Doug Abadie and friend Video Taping at Sears Point Raceway, c. 1975

Doug Abadie on his highly modified Commando S shown here gassing it through a sweeper at Sears Point toting a cameraman.  He rode this motorcycle vigorously but with a smooth accomplishment which sometimes gave people riding behind him on back roads the mistaken notion that they should pass him and step up the pace.  This ended in disaster for the upstart often enough that this guy got somewhat of a rep and  became referred to by  some as "the crafty phantom".  This even happened once with a rider who was the then-current AFM Number One plate holder!

If you wonder why the cameraman looks suspiciously like Dick Mann, it may be because he's wearing a 'recycled' set of BSA factory leathers.  It's actually Kip Culver, who's experience as a sidecar monkey and coolness in the sort of situation pictured above made him well qualified for the task at hand.  He probably didn't think it was a daunting idea.

The video equipment used here has a camera, attached by the cable seen atop the shooter's shoulders, which is going around his neck to the rather large cassette recorder and battery pack he's holding between the two of them with his elbows and knees.... while making his shot!  And it's a good tape.

Probably this photo belongs in the Rogues Gallery, both these guys are abundantly qualified. 

This motorcycle is one we don't have any "mug shots" of, but did a lot of work on.  It started life as a '69 S model and picked up the Dunstall fuel tank, seat, tacky exhaust plumbing and front brake at different points along the way. 

The motor was hot enough to be marginally streetable for the every-day slogging it was subjected to; at one point, it began shredding gearboxes and that financially ruinous trait was cured by fitting the older single row primary drive and matching mainshaft.   Of course, it's not as good a clutch, but it does have a cush drive that works.  No more blown trannies.
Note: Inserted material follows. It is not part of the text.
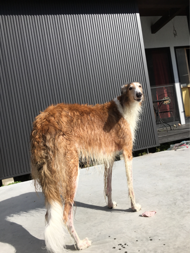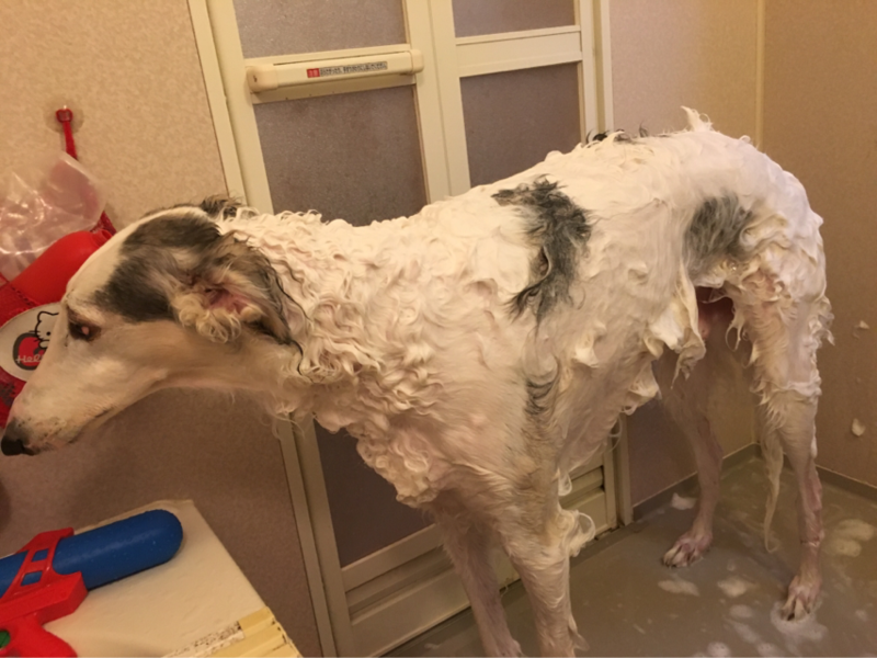 毎回お風呂場まで連れてくるのが大変なんですが、今日は珍しくオヤツで簡単に連れました

Amazingly (to this rider, anyway) the front brake, with its tiny rotors, worked pretty well.  They were a bugger to work on; the calipers are integrally cast into the fork legs, with two live pistons on each caliper.  You couldn't split the caliper to work on it, all access was through the bore from the outside (you can infer the small piston size from the ring nut visible on the caliper).

Doug liked the skinny 3.60x19 Dunlop K-81 on the front, this writer  personally had no fondness for that tire at all.  It did make for a quick handler.
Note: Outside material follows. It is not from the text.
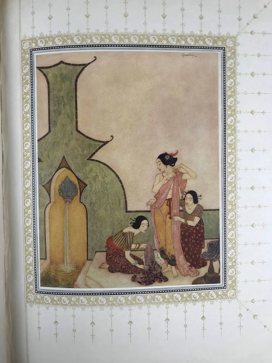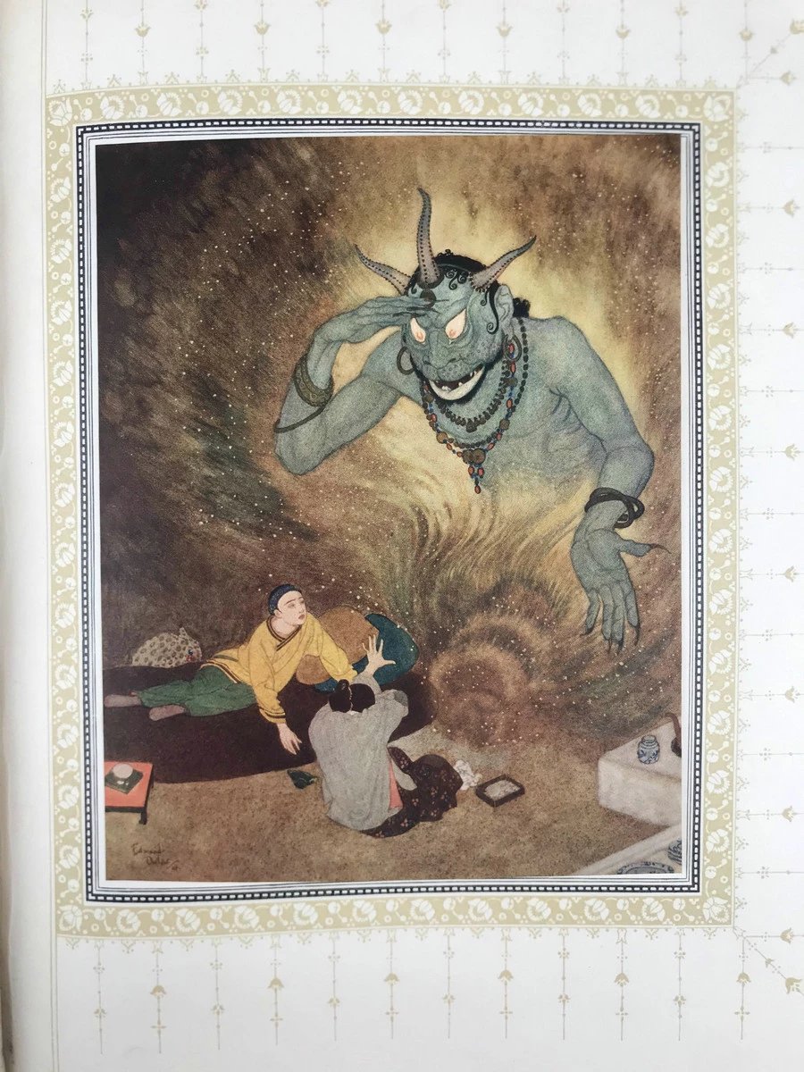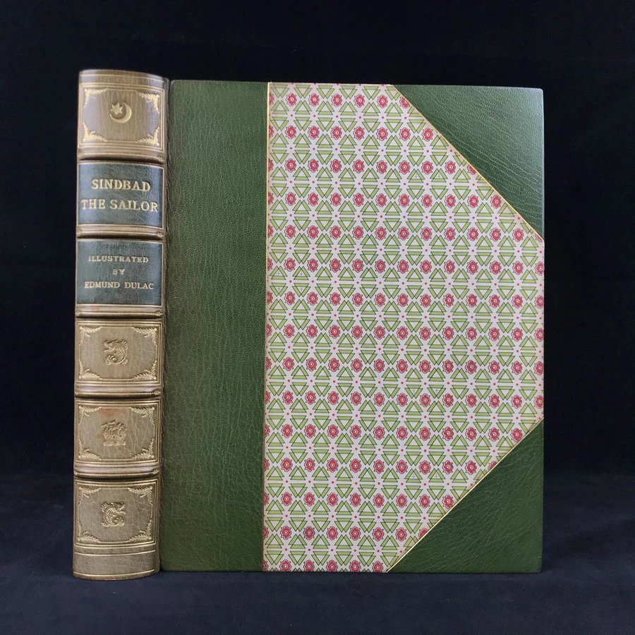 限量杜拉克签名版!桑格斯基工坊特装本!(编号11) 约20世纪早期 辛巴达航海记与其他天方夜谭故事集 约22幅彩色手工贴图 全犊皮(vellum)精装大16开

After riding this bike for a number of years, Doug got his hands on a Rickman-Kawasaki with a pumped up 1100cc Yoshimura Z-1 engine.  He'd gotten tired of the unending minor maintenance that accompanied being married to the Norton and probably bored with its performance as well.   In the pre-Ninja '70's, that pumped up Kwakker was hands down as fast as anything on the road, anywhere.  He also didn't have to work on it.   The Norton  became a dust-collector and was sold.